Assembly defects of mitochondrial respiratory chain complex III (CIII) and complex IV (CIV or COX) were studied in human samples derived from patients carrying mutations in the BCS1L gene, encoding a protein necessary for CIII biogenesis, and in the COX6B1 gene, that encodes a small COX structural subunit. Furthermore, a COX15-deficient animal model to study the consequences of the lack of this CIV assembly factor was generated in the laboratory. Also, the association of CIV with other OXPHOS complexes into super-complexes in the SURF1 knock-out mouse (a mitochondrial CIV deficiency model) was analysed.%:%: Two patients showing mitochondrial CIII deficiency and isolated mitochondrial encephalopathy were found to carry pathological mutations in the BCS1L gene that encodes a protein known to be essential for the correct formation of CIII. Several mutations in this gene were found to be associated with different clinical presentations as the GRACILE syndrome, (growth retardation, aminoaciduria, cholestasis, iron overload, lactic acidosis, and early death), complex III deficiency associated with congenital metabolic acidosis, neonatal proximal tubulopathy, liver failure, and encephalopathy or the Björnstad syndrome (sensorineural hearing loss and pili torti). With the work developed in this project, the defect in CIII assembly was characterized at the molecular level. By studying patient-derived skeletal muscle biopsies and cultured skin fibroblasts and lymphoblasts, it was determined that the role of the BCS1L protein is to insert the catalytic subunit UQCRFS1 (Rieske Fe-S protein) into the 'pre-complex III' as one of the last steps of the CIII assembly process. The catalytically inactive 'pre-complexIII' was found to be accumulated in the patient samples and the lack of insertion of the Rieske protein made the complex become unstable, as sub-complexes containing CIII subunits were present in the patients and absent in the controls. These studies also revealed that the BCS1L protein was part of a large protein complex in which CIII subunits were absent.

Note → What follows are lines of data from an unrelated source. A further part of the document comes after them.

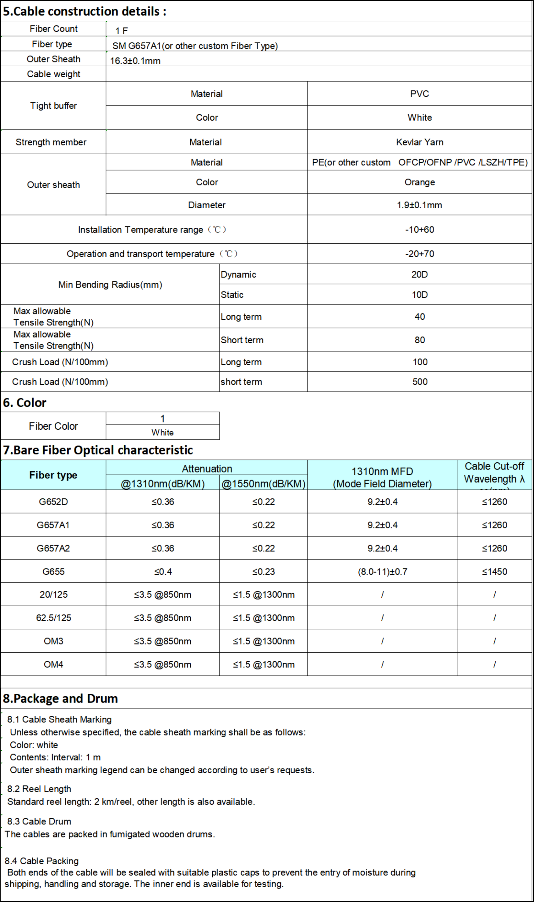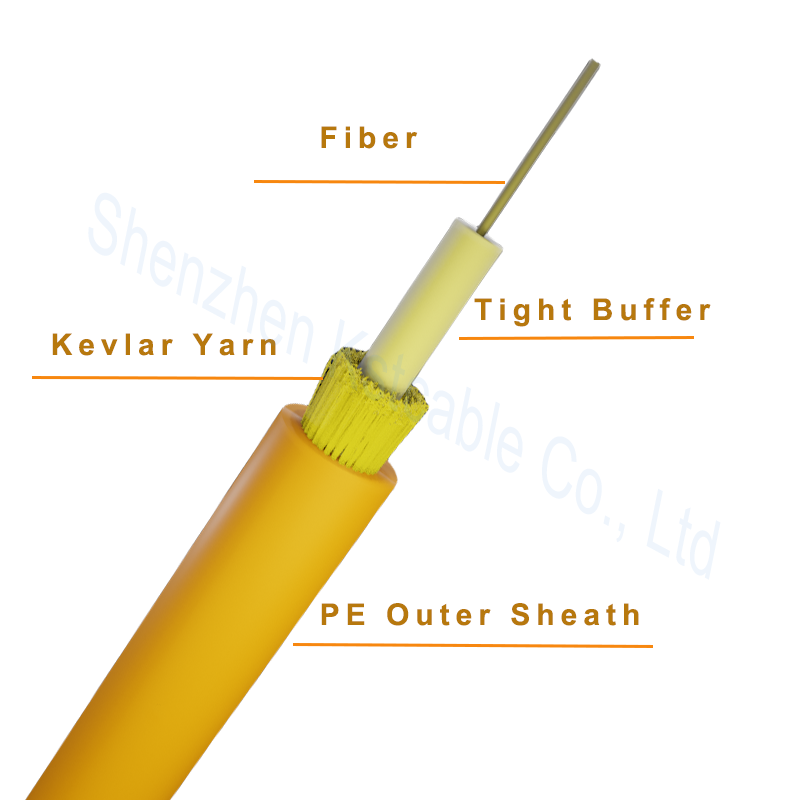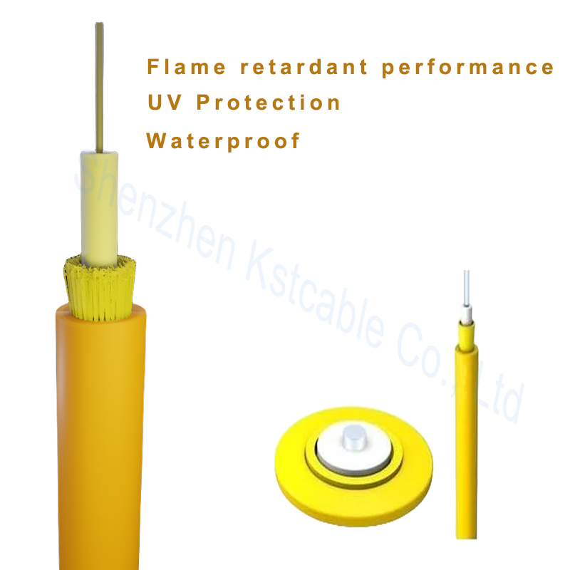 Single tight buffer optical fiber for easy stripping ,Compact sleeve optical fiber has good flame retardant performance ,Aramid strength member reinforce the tensile strength of the cable, External corrosion resistance protection PE outer sheath , waterproof, UV protection, flame retardant, environmental protection and other advantages
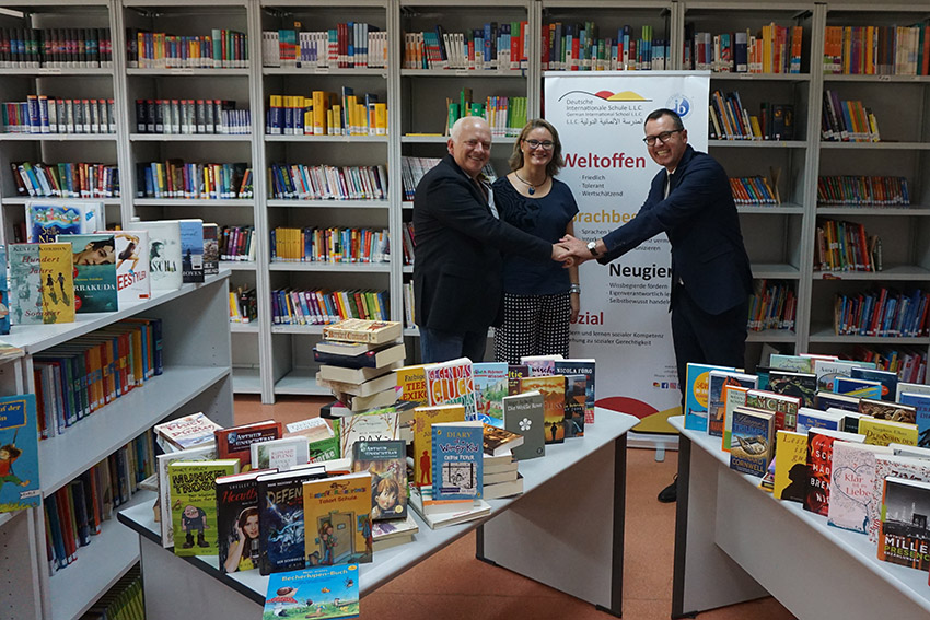 - Fröhliche Übergabe der 1001 Aktions-Bücher am 23.5.2017: Adi Hagelüken von Werktag, Bibliotheksleiterin Monica Menendez-Krüger und Dirk Dillschneider, Schulleiter der Deutschen Internationalen Schule Doha ( v.l.n.r. )
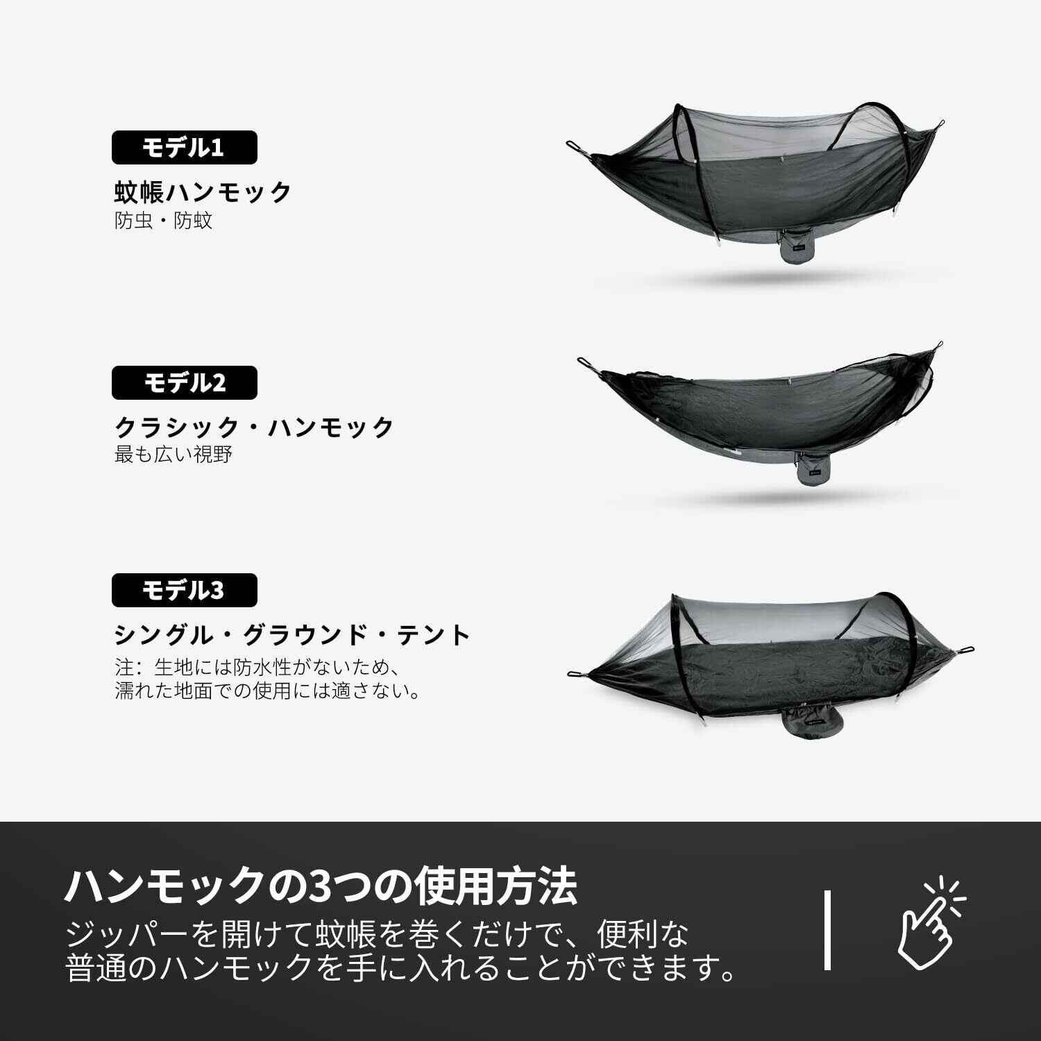 - 付属品:モスキートネット、収納バッグ
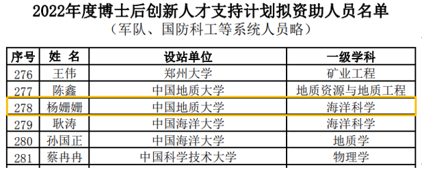 2022年6月16日,根据《全国博士后管委会办公室关于做好2022年度博士后创新人才支持计划实施工作的通知》(博管办〔2022〕8号),经专家评审,遴选出探花视频 杨姗姗副教授入选该计划。
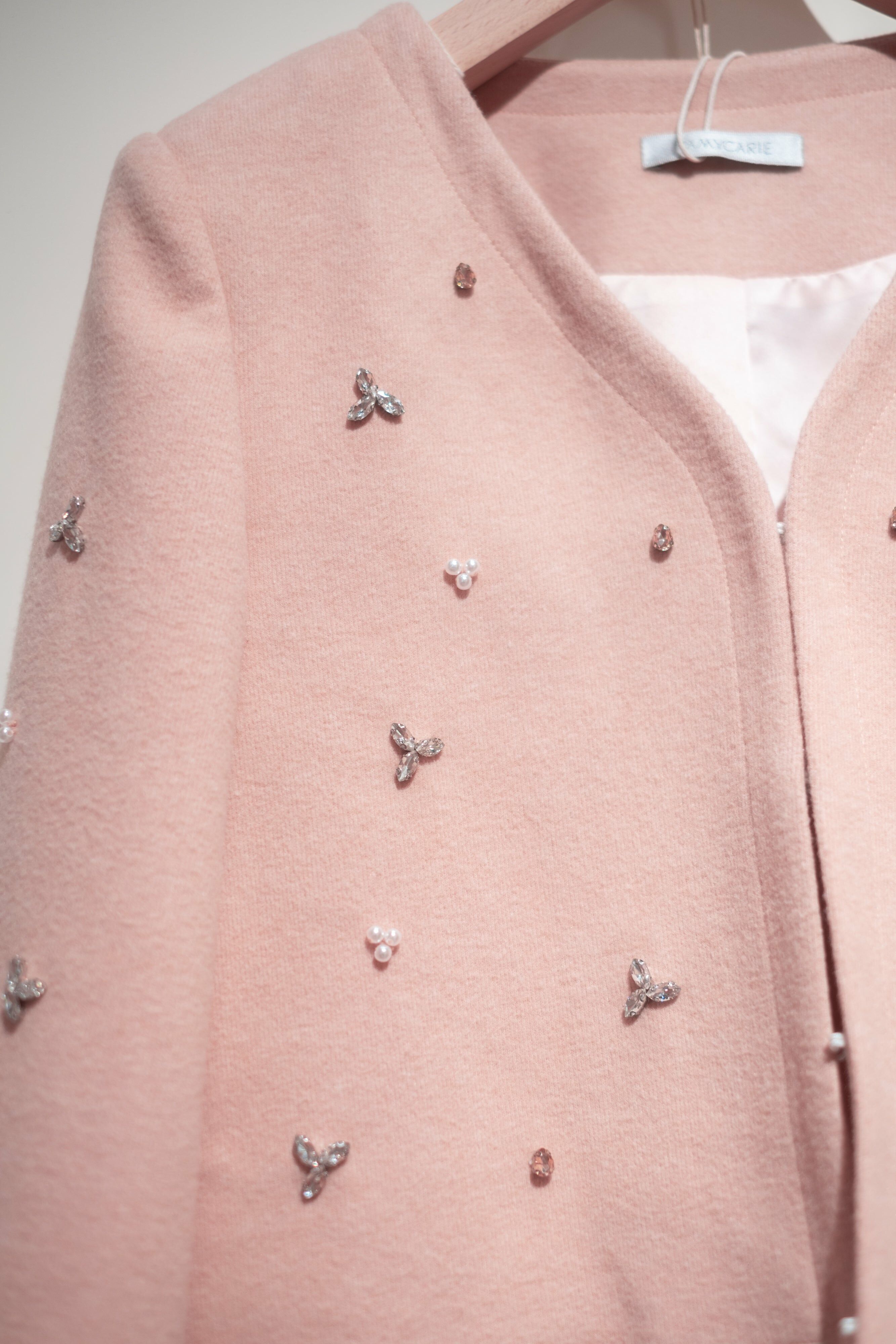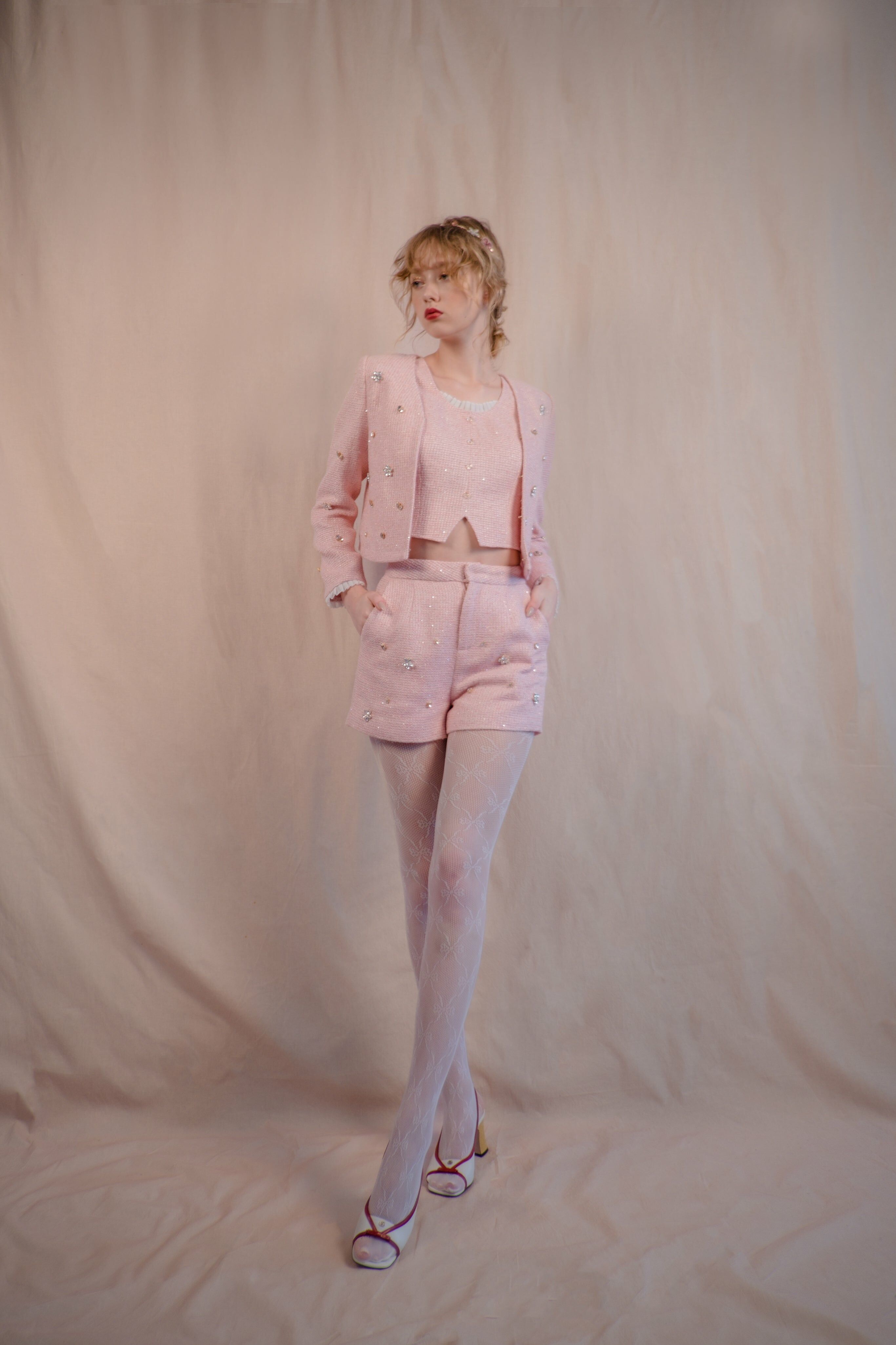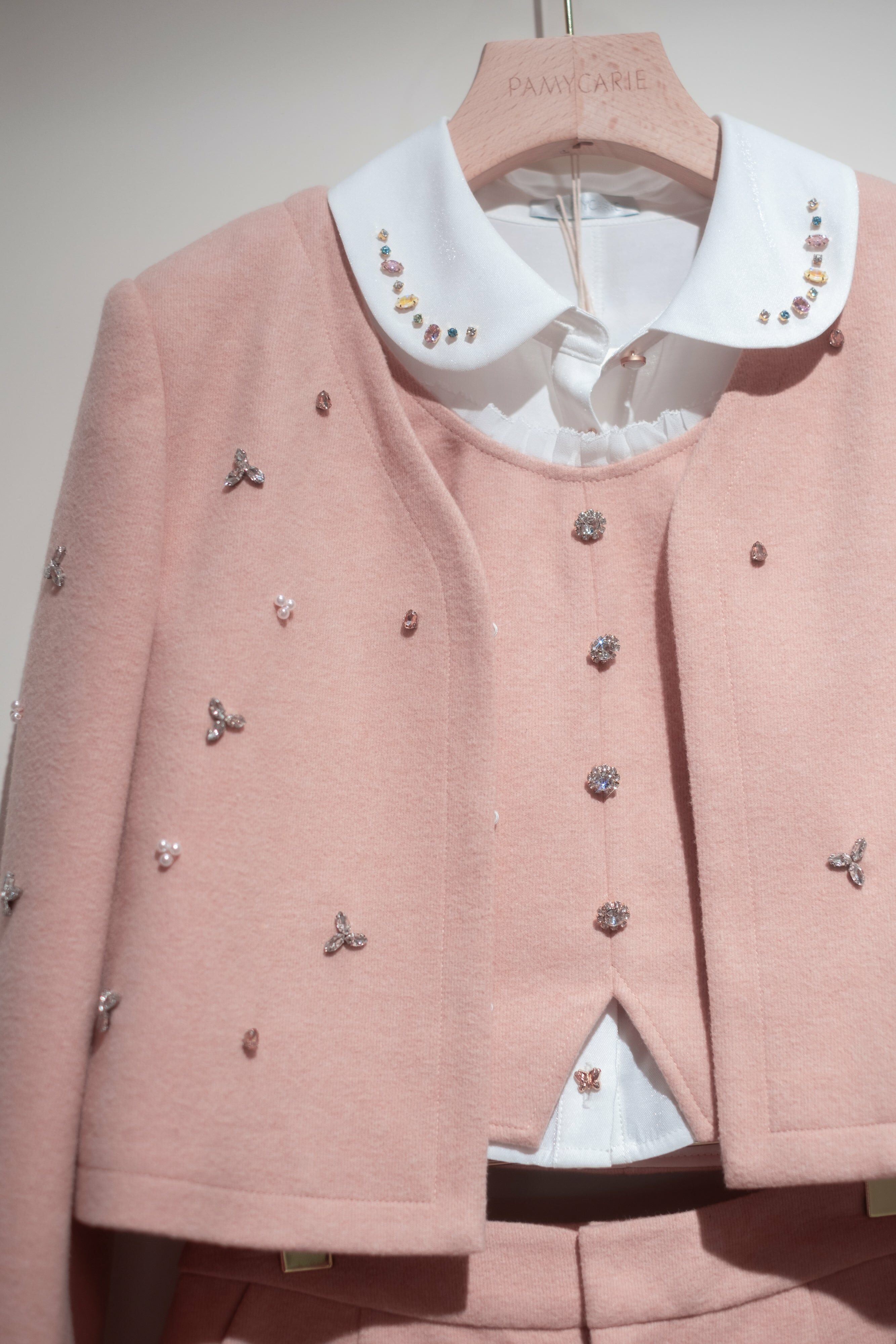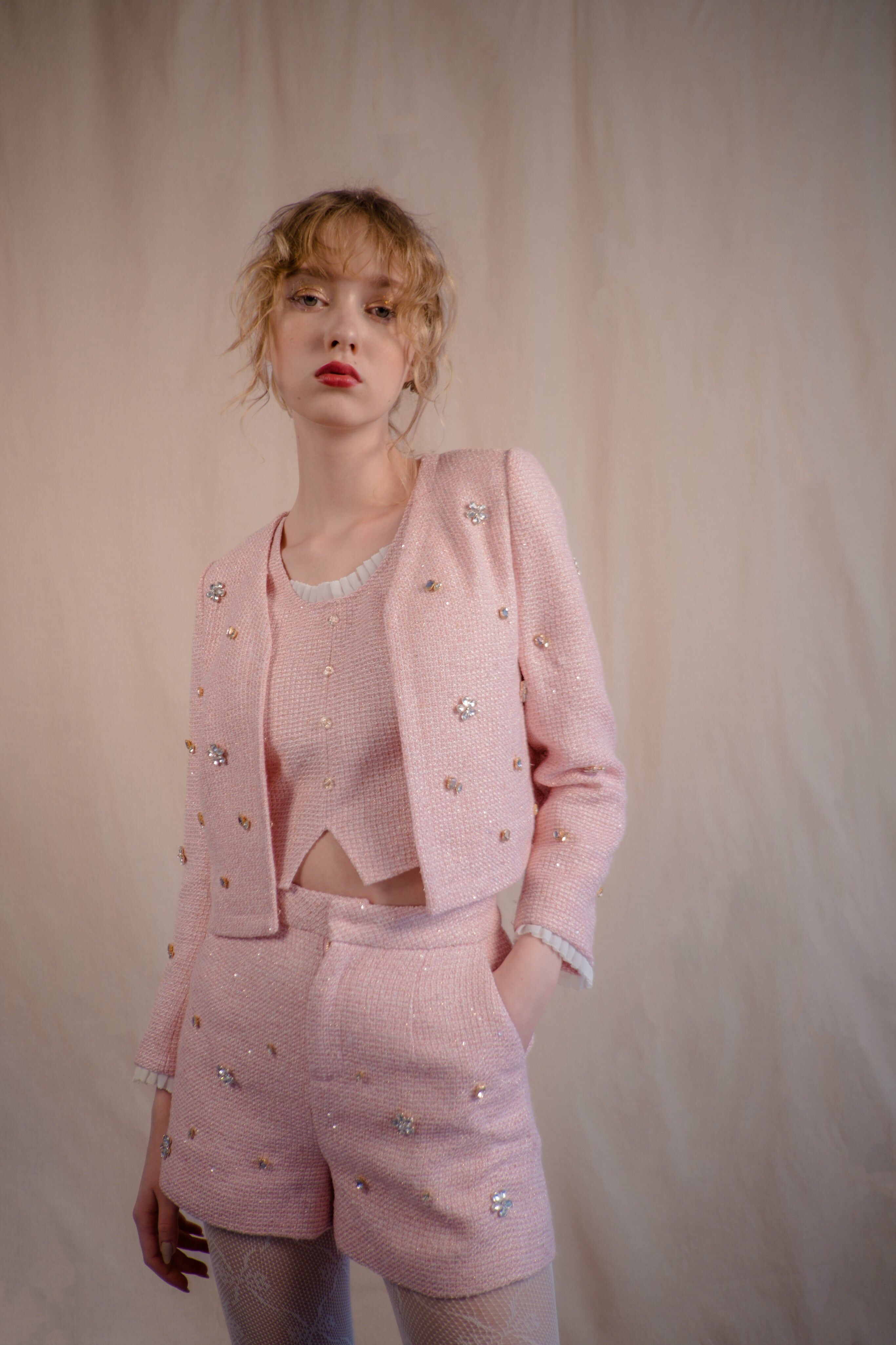 CZ Embroidered Tweed Jacket/Vest/Shorts (Pink/Black/Knit Dusty Pink)

Two siblings showing mitochondrial CIV deficiency and a severe encephalomyopathy were studied. Mutational screening in the mitochondrial DNA-encoded structural subunits and in the nucleus-encoded CIV assembly factors was negative. Mutations were searched for in nucleus-encoded structural subunits and a homozygous mutation was found in the COX6B1 gene. The pathogeneicity of the amino acid change and the CIV structural abnormality associated to it was thoroughly demonstrated. In many occasions, mutations in nucleus-encoded COX subunits were sought for but never found in CIV-defective patients, leading to the conjecture that they may be incompatible with extra-uterine survival. This work represents a new and relevant finding as this was the first time that a mutation in a nuclear encoded COX subunit (COX6B1) was associated to mitochondrial disease and it indicates that these proteins should be reconsidered as possible candidates in COX-deficiency associated disorders.